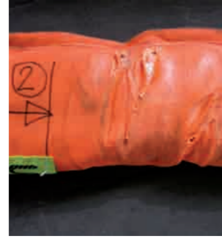
Typical impression marks after stressing with four times the nominal carrying capacity with a woven round sling sleeve
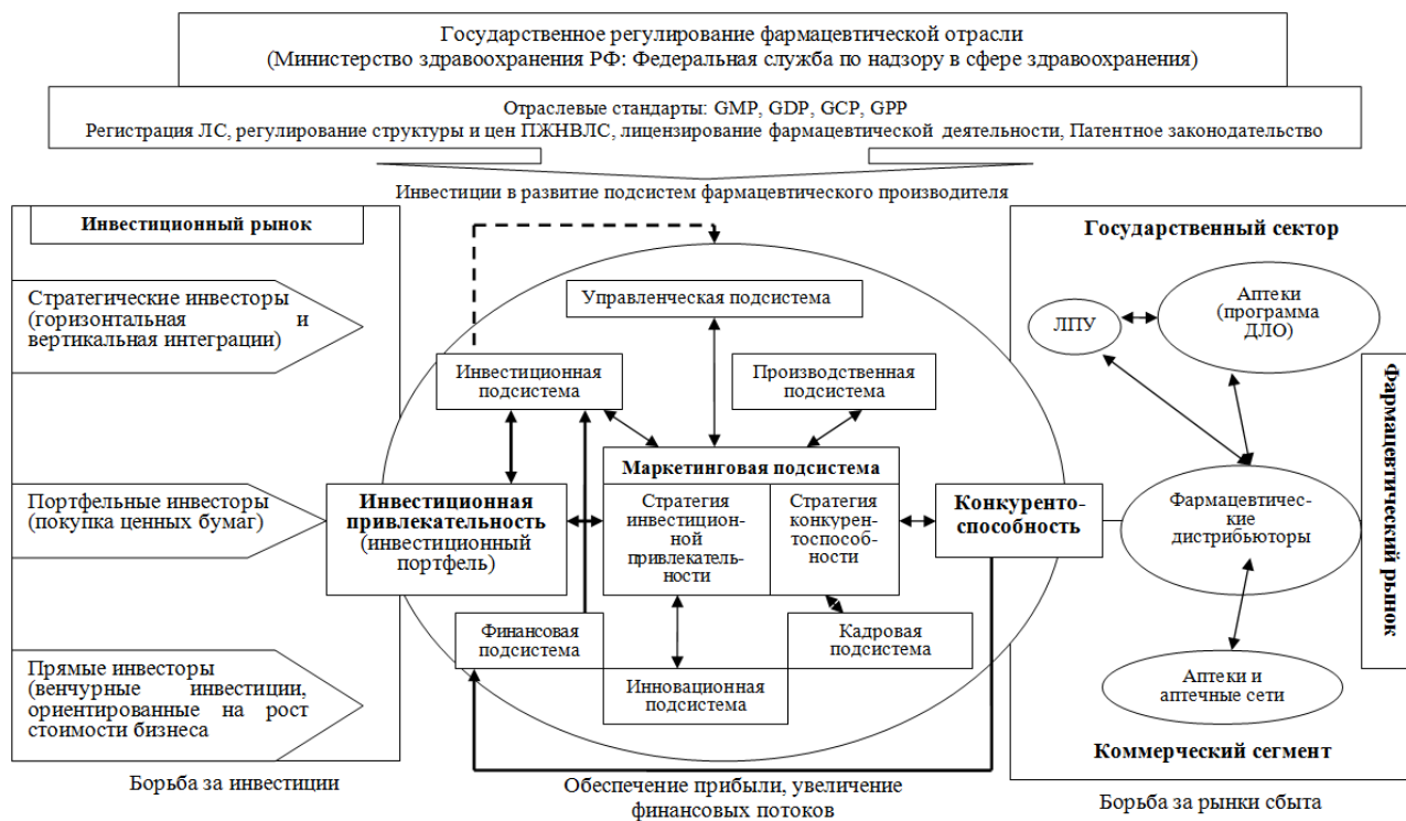
Рис. 1 Концепция влияния маркетинговой подсистемы предприятий фармацевтической промышленности на их инвестиционную привлекательность

детерминирует рост ценовой конкуренции на рынке лекарственных средств (ЛС), снижающий доходность модели фармбизнеса, основанной на реализации стратегии производства и маркетинга традиционных медикаментов (анальгин, цитрамон, активированный уголь, аспирин и др.). Поэтому наиболее привлекательным является формирование продуктового портфеля на основе дифференцированных фармпродуктов и, в первую очередь, посредством разработки новых лекарственных формул и / или модификации существующих (совершенствование средств их доставки в органы и ткани, создание пролонгированных форм, снижение аллергенности и токсичности и др.).

○ ○ ○ ○ ○

Output the material above verbatim but exclude each picture.

• Response:
Typical impression marks after stressing with four times the nominal carrying capacity with a woven round sling sleeve
Рис. 1 Концепция влияния маркетинговой подсистемы предприятий фармацевтической промышленности на их инвестиционную привлекательность

детерминирует рост ценовой конкуренции на рынке лекарственных средств (ЛС), снижающий доходность модели фармбизнеса, основанной на реализации стратегии производства и маркетинга традиционных медикаментов (анальгин, цитрамон, активированный уголь, аспирин и др.). Поэтому наиболее привлекательным является формирование продуктового портфеля на основе дифференцированных фармпродуктов и, в первую очередь, посредством разработки новых лекарственных формул и / или модификации существующих (совершенствование средств их доставки в органы и ткани, создание пролонгированных форм, снижение аллергенности и токсичности и др.).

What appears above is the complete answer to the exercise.